*** Opening DATA FOR REVIEW ***

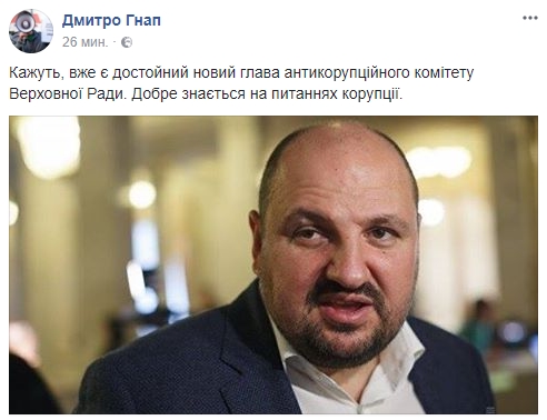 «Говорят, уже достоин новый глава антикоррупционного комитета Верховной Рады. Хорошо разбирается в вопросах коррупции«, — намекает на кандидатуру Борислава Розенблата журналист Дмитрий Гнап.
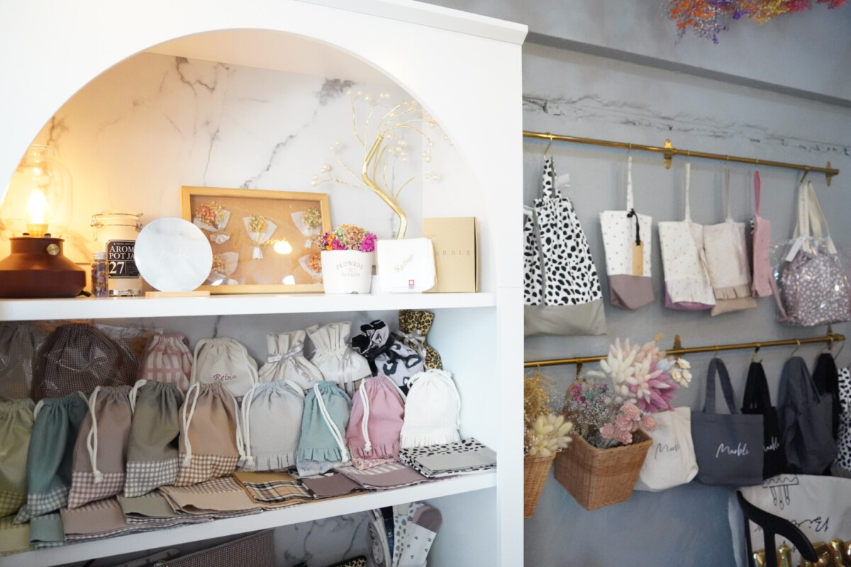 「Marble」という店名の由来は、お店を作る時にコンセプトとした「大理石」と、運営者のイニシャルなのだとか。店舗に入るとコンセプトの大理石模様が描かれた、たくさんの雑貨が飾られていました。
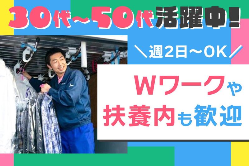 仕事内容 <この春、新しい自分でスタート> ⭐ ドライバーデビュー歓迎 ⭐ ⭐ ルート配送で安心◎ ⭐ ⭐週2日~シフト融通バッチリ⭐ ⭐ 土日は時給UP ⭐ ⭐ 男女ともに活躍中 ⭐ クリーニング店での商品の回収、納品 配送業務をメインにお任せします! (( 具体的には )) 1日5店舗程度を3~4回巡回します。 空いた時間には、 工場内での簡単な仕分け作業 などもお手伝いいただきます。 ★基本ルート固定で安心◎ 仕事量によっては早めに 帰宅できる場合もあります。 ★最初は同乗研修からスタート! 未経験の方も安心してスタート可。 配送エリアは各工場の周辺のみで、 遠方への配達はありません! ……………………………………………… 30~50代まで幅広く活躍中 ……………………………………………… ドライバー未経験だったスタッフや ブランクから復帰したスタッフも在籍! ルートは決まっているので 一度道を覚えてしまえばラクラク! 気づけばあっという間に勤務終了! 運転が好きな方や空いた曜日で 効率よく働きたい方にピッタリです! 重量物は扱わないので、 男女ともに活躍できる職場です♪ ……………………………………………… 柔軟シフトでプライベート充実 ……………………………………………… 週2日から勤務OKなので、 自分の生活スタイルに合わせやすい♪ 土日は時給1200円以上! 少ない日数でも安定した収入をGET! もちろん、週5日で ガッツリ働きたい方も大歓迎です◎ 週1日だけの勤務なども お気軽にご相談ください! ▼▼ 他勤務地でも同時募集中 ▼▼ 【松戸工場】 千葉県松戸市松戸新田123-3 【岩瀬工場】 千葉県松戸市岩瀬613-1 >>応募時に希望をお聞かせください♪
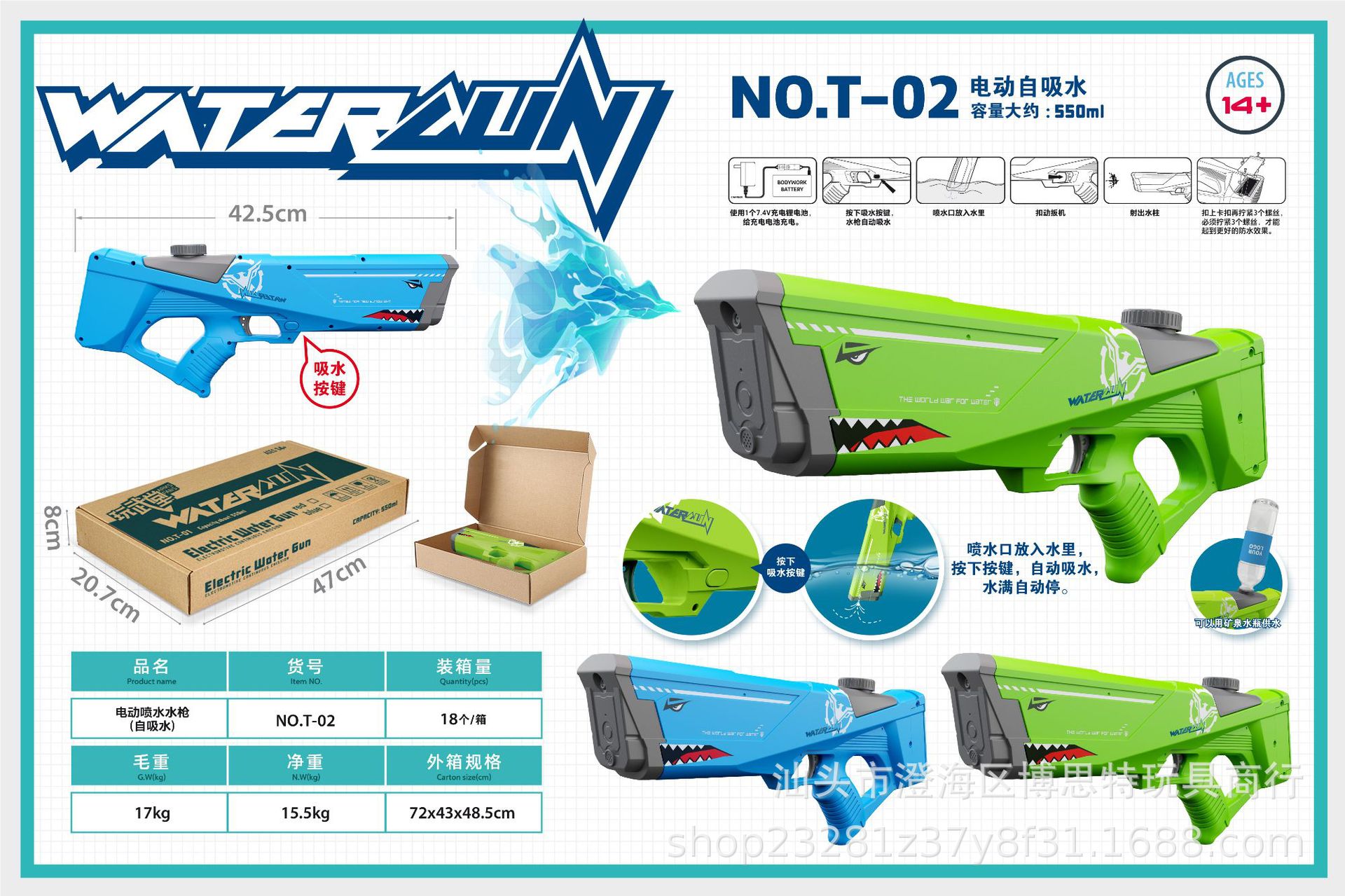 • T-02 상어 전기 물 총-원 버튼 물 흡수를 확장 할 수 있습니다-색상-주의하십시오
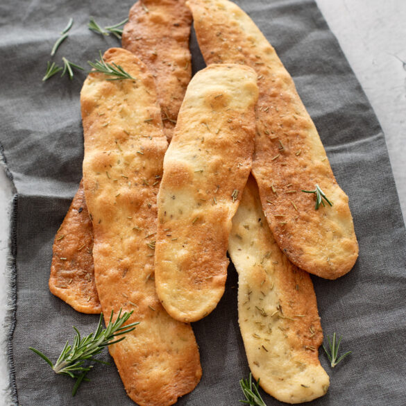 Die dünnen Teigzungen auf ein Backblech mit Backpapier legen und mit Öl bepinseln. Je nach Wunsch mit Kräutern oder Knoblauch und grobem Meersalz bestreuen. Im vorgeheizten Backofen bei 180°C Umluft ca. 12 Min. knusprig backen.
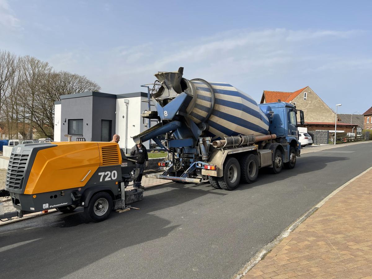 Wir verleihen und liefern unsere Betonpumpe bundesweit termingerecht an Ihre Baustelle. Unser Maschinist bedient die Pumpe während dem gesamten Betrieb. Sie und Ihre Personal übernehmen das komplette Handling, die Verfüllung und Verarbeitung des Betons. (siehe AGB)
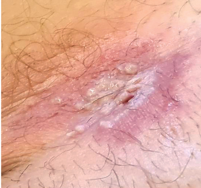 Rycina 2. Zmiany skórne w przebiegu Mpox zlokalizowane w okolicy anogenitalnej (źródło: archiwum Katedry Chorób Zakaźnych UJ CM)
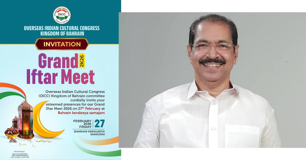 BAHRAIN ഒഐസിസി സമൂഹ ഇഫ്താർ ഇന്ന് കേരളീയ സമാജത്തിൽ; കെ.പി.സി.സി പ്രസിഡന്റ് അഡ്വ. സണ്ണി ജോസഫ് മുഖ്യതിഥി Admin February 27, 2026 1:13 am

*** Closing DATA FOR REVIEW ***

* [YOUR TASK] Reproduce the entries exactly, from the line with "할 수 있습니다-색상-주의하십시오" to the line with "Die dünnen Teigzungen", both lines included, keeping no pictures.

* [ANSWER TO THE EXERCISE]
 • T-02 상어 전기 물 총-원 버튼 물 흡수를 확장 할 수 있습니다-색상-주의하십시오
 Die dünnen Teigzungen auf ein Backblech mit Backpapier legen und mit Öl bepinseln. Je nach Wunsch mit Kräutern oder Knoblauch und grobem Meersalz bestreuen. Im vorgeheizten Backofen bei 180°C Umluft ca. 12 Min. knusprig backen.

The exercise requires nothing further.